Cylindrolobus gloensis
- Conservation status: Critically Endangered (IUCN 3.1)

Scientific classification
- Kingdom: Plantae
- Clade: Tracheophytes
- Clade: Angiosperms
- Clade: Monocots
- Order: Asparagales
- Family: Orchidaceae
- Subfamily: Epidendroideae
- Genus: Cylindrolobus
- Species: C. gloensis
- Binomial name: Cylindrolobus gloensis (Ormerod & Agrawala) Schuit., Y.P.Ng & H.A.Pedersen

= Cylindrolobus gloensis =

- Genus: Cylindrolobus
- Species: gloensis
- Authority: (Ormerod & Agrawala) Schuit., Y.P.Ng & H.A.Pedersen
- Conservation status: CR

Species of orchid

Cylindrolobus gloensis is a critically endangered species of orchid found only in Arunachal Pradesh in India.

== Description ==
This species is an epiphyte found growing on barks and branches of trees. The stem is 24 cm long with 4 leaves and 0.25 cm thick at the base. The leaves are lingulate-lanceolate and 10-12 cm long. The flowers are cream colored with soft short erect hairs.

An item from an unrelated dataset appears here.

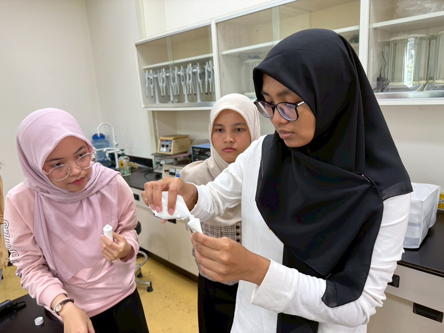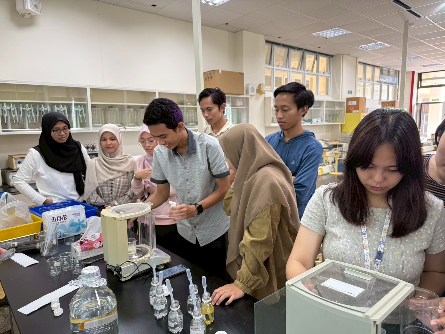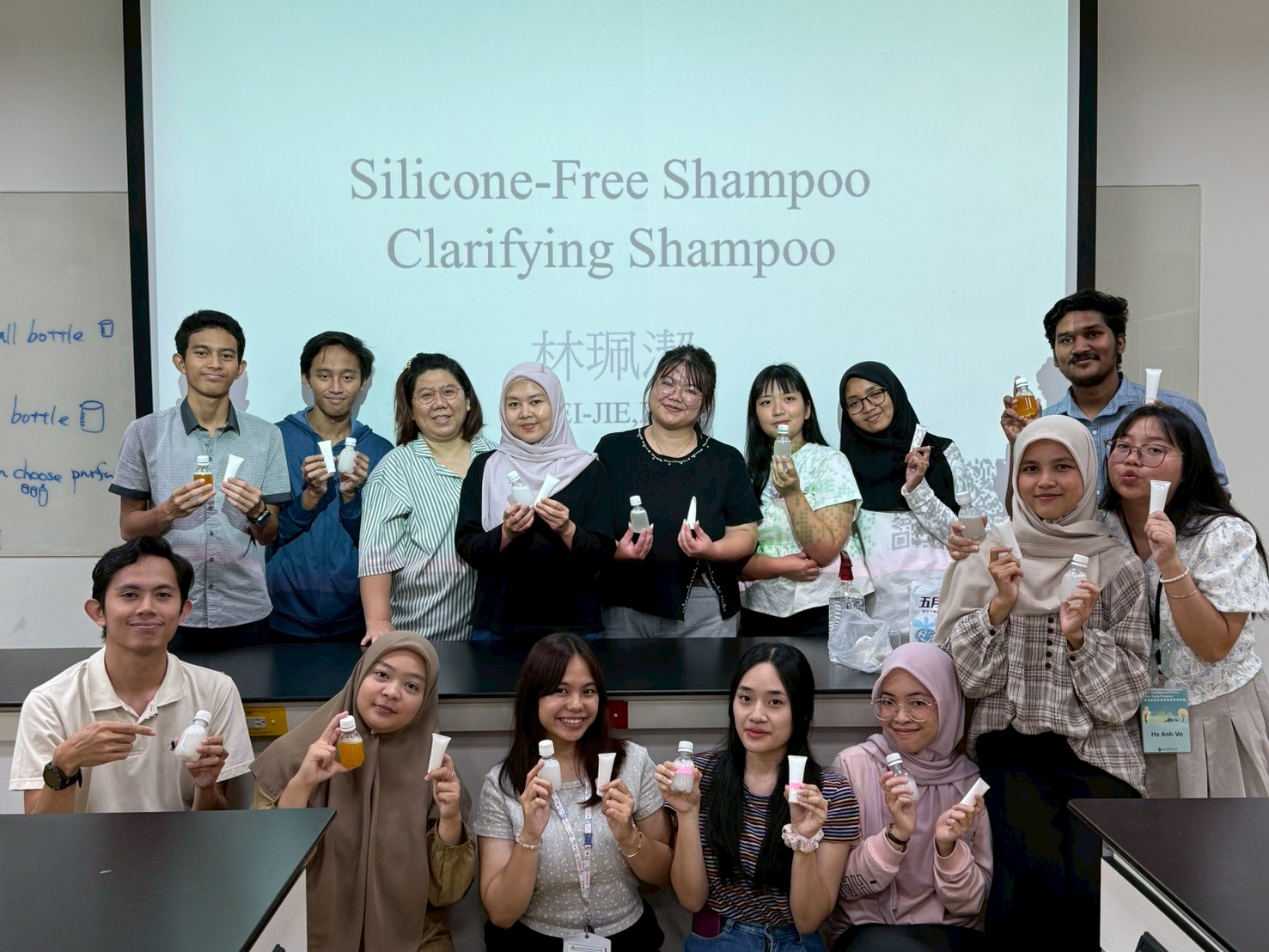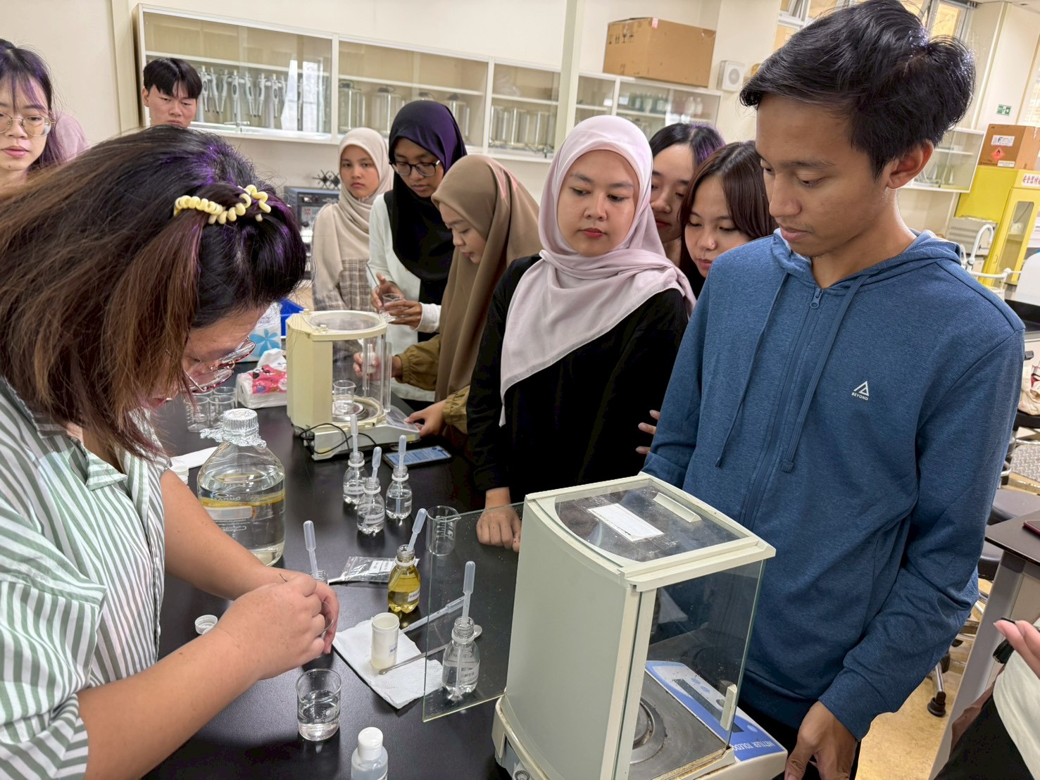 The second experiential learning activity was held on October 21st, during which time the OIA brought students to a Department of Biotechnology laboratory for a hand cream and shampoo making activity. The session was led by industry lecturer Pei-Chieh Lin and NPUST Professor Wen-Ling Shih, who explained the production steps and the practical implementation of formulas. Following the activity, the participants responded enthusiastically, finding it novel and highly rewarding to personally create their own daily essentials.

This orchid can be differentiated from the similar looking Cylindrolobus arunachalensis by the single bicarinate callus on the labellum instead of two and two groups of hairs on epichile.

== Distribution ==
This species of orchid was known only from a community forest in Kamlang Valley in Mishmi Hills of Arunachal Pradesh. The estimated known are of occupancy is 4 km^{2}. As of 2021, there were no records beside the type locality of this species.

== Ecology ==
This orchid was found growing on trees inside a forest at 1220 meters elevation. The flowering season is March.

== Etymology ==
This species is named of the locality Glo in Kamlang valley from where it was collected.

== Taxonomy ==
D. K. Agrawala who described this species found an unidentified orchid specimen from India in Oakes Ames Orchid Herbarium in Harvard University. It was originally collected by British botanist Frank Kingdon-Ward in 1949 from Mishmi hills. He along with Paul Ormerod described this new species as Eria gloensis. Further studies in 2017 resulted in moving this species to the genus Cylindrolobus.

== Conservation and threats ==
This species is protected under CITES, hence collecting and trading of this species is banned in India. There is no information on population trend of this species. The community forest where the species was discovered is threatened by shifting agriculture practices.